NL coding conventions
local->global movement of abstraction
what kinds of coding conventions?
junit example
create input stream in java
create an identifier
name of input stream
maybe know the type of name someone would use who contributed to the junit project
formatting–e.g. braces
coding convention is a syntactic constraint beyond that imposed by the languages grammar
programmers themselves decide to impose on top of what the compiler requires them to do
developers care a lot
style checkers style guide

“small amount” of research in software engineering
how they use these in software engineering…

go through conventions, find out what’s important — big commercial (microsoft) projects

threads different aspects of code committed

38 percent related to conventions rather than functionality
(why i hate code review!)

why not just run a formatter over the code?
corner cases — it doesn’t handle for you
renaming variables to be more consistent → (jsnice)
review time — can talk more about the functionality
where do conventions come from?
– implicit from code base
one programmer starts, others pick it up
emergent quality
mores, rather than laws
large number of software constraints, well modeled with statistical machine learning
even with a lot of programming experiences, won’t know about how things are named
coding convention inference problem –> why not use machine translation to take my conventions and change them to your conventions?

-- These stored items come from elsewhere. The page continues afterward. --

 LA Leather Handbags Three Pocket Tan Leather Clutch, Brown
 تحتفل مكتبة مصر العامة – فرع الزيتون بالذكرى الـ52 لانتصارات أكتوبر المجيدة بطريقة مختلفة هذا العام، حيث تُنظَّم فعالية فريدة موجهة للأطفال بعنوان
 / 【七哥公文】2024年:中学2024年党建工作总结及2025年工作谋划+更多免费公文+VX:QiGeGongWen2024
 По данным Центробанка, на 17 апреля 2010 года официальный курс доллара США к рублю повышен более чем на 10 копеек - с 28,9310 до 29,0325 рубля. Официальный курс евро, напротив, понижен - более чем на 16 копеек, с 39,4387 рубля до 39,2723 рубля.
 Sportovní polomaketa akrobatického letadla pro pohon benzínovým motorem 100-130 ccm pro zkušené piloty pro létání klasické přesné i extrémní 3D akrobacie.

eclipse plugin called devstyle

click on your identifier, will give you a list of other names
renaming suggestions
how should class objects be named
some disagreement with conventions
we can suggest a name
go through a region and rank names
block of code someone wants to add to the project

how large of a corpus would you need?

what kind of technology do you use inside the scoring function?
n-gram language model

smoothing, taking into account the constraints of the compiler/language conventions
constraint is library of changes
only renaming, not generating syntactically correct (would not be syntactically correct)

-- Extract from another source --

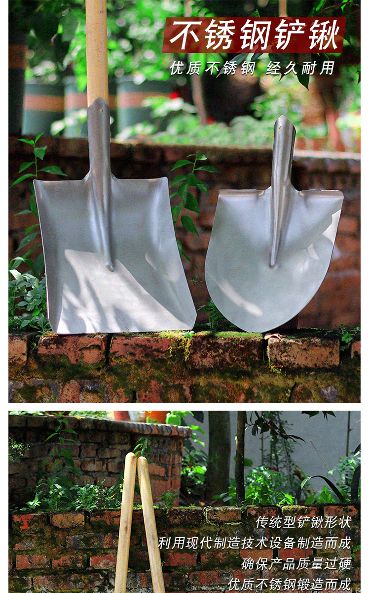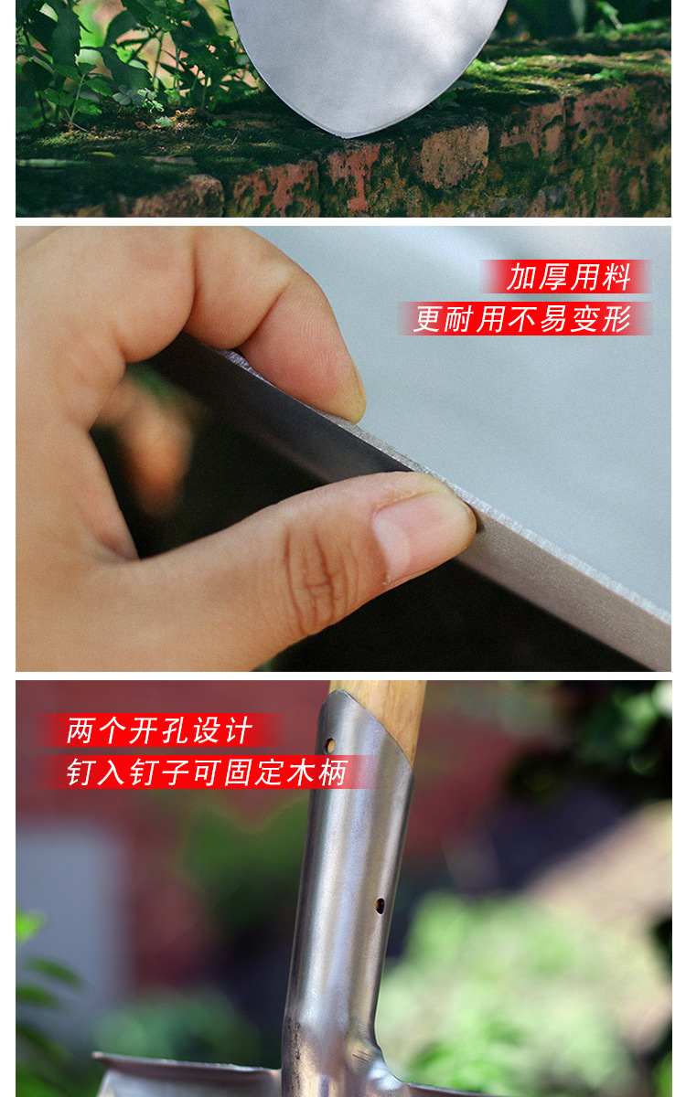 大シャベルマンガン鋼鉄シャベル屋外掘削土松土神器園林園芸工具野菜農業用木柄鉄シャベル

pull together all uses of the identifier

look at the set of all other names that have been used anywhere in previous or succeeding context
ask ngram language model of joint prob. of entire file — sounds really expensive
— actually using any ngram centered about the thing we want to rename

laura: coreference analysis on the code
— knowing that i and i are the same gives you a nonlinear language mode
— can you get something more robust
— tapping the compiler for name resolution
— how do you corporate into the model (only incorporate into the suggestions — done post hoc)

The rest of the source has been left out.